DIRECTIONS: The result should be an exact copy of only the lines from the one holding "영탁은 24일 오후 3시" through the last line of the data below, please, without pictures.

EXERCISE DATA:

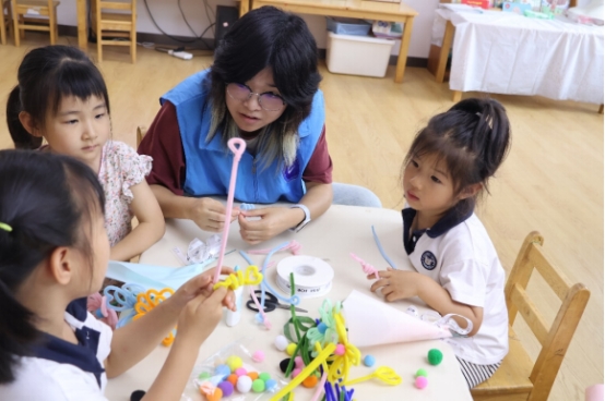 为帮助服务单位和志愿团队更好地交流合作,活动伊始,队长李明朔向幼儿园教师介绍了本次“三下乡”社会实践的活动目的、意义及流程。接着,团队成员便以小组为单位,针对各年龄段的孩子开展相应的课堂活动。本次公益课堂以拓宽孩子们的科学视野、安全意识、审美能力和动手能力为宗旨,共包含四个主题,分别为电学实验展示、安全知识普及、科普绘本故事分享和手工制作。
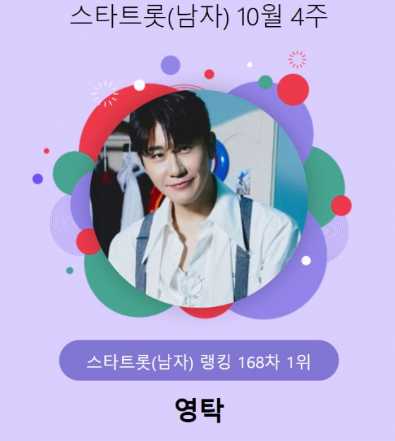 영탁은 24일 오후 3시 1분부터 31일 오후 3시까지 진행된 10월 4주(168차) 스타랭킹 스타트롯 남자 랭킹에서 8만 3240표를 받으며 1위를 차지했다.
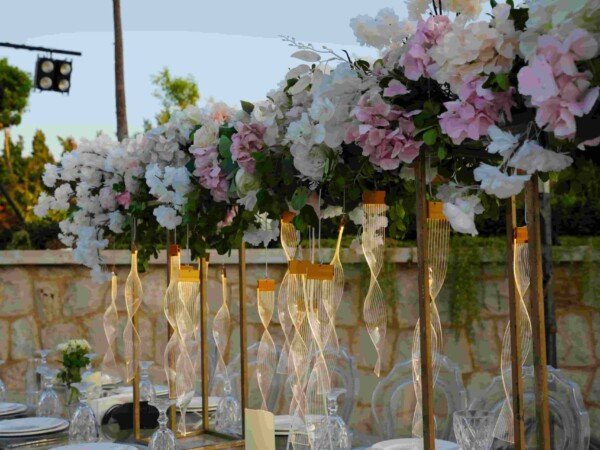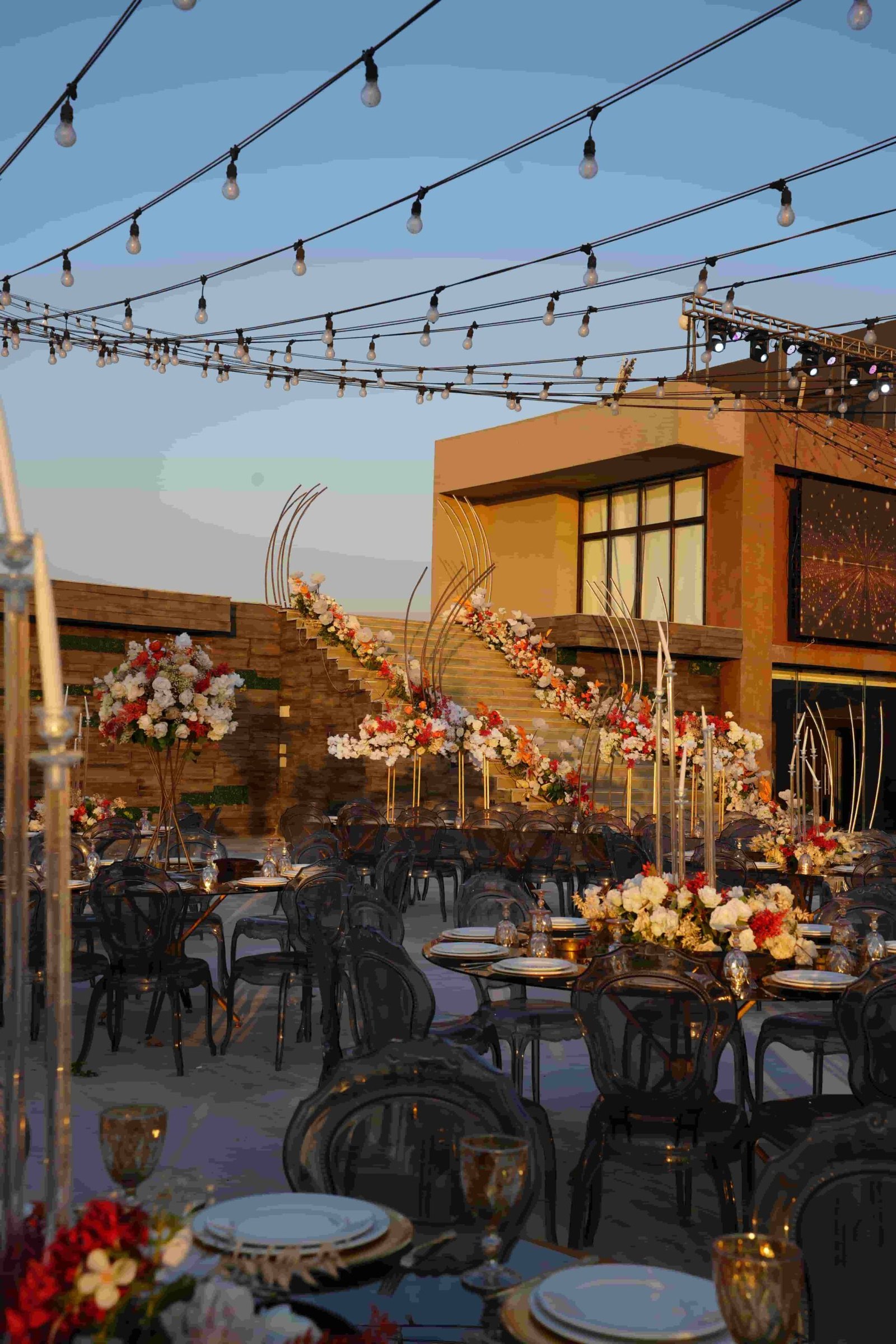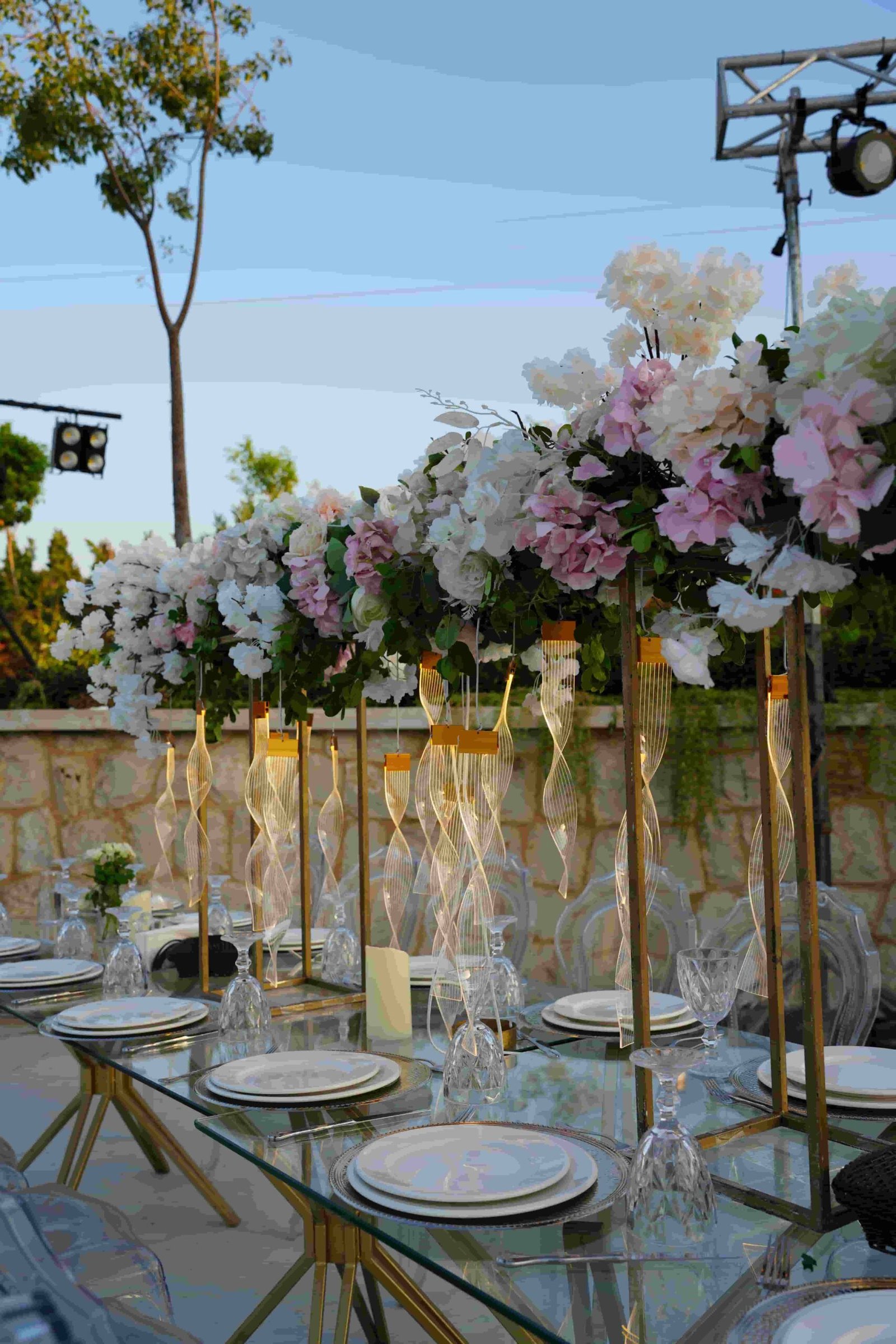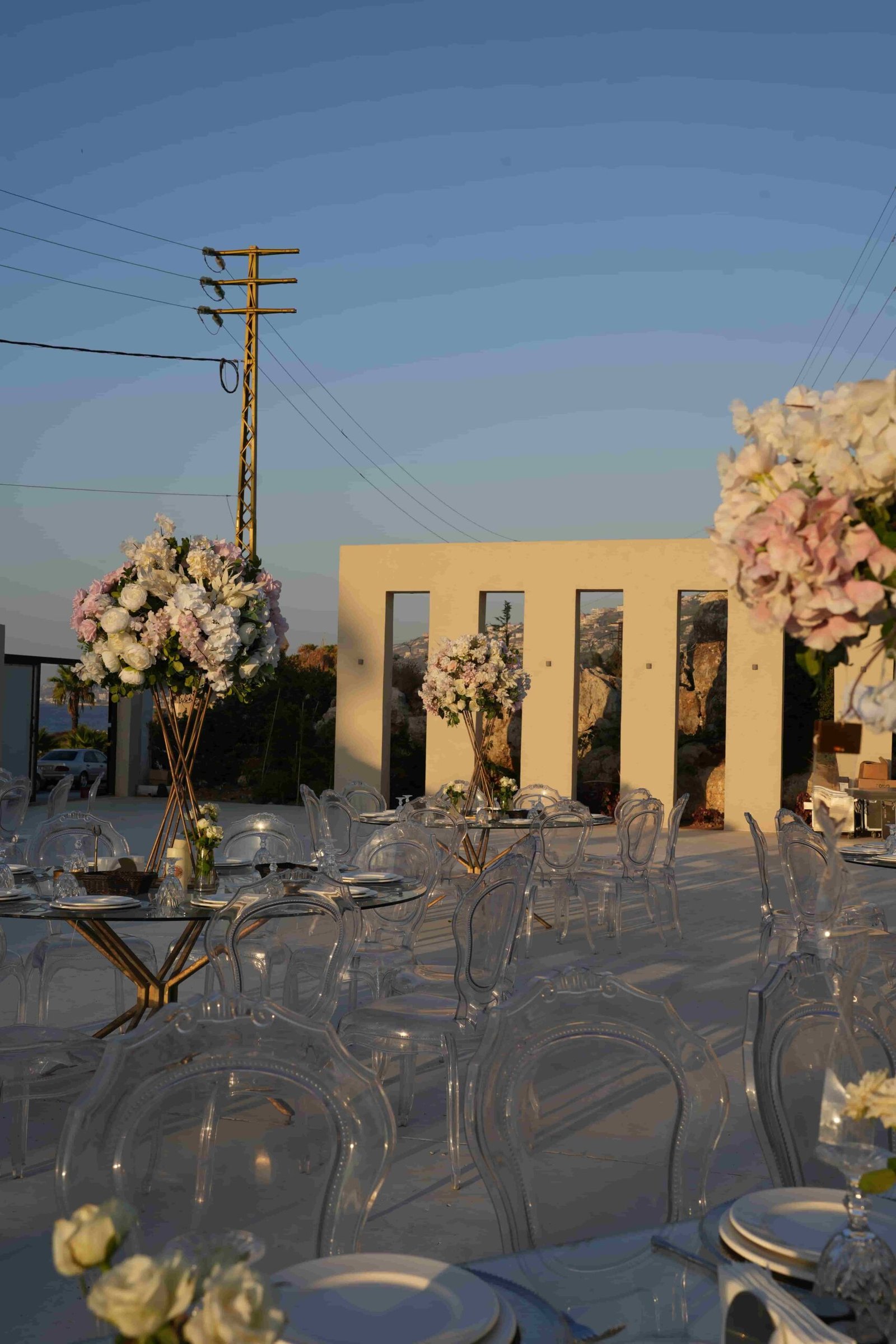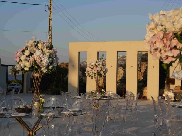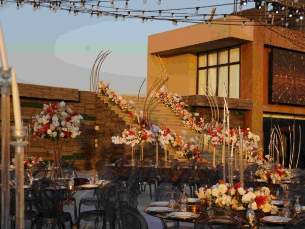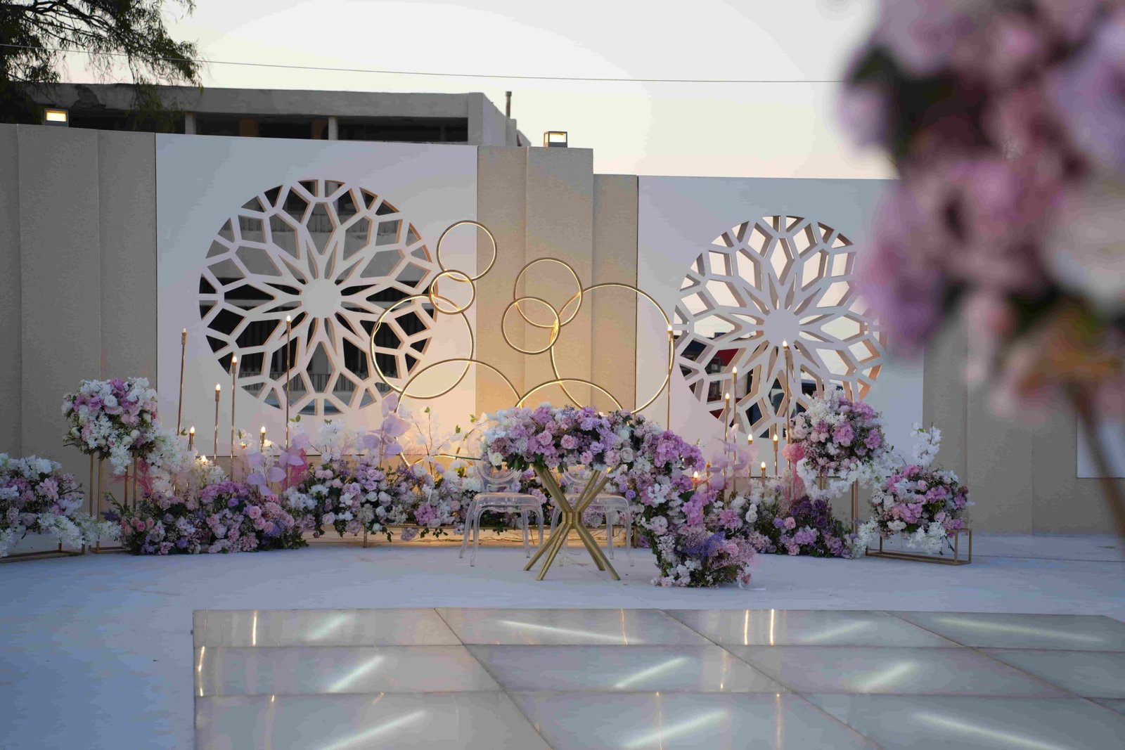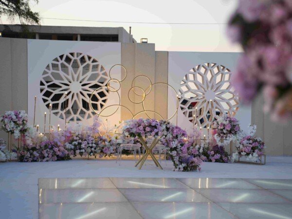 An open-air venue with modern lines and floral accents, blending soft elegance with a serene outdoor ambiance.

RESULT OF THIS EXERCISE:
 영탁은 24일 오후 3시 1분부터 31일 오후 3시까지 진행된 10월 4주(168차) 스타랭킹 스타트롯 남자 랭킹에서 8만 3240표를 받으며 1위를 차지했다.
 An open-air venue with modern lines and floral accents, blending soft elegance with a serene outdoor ambiance.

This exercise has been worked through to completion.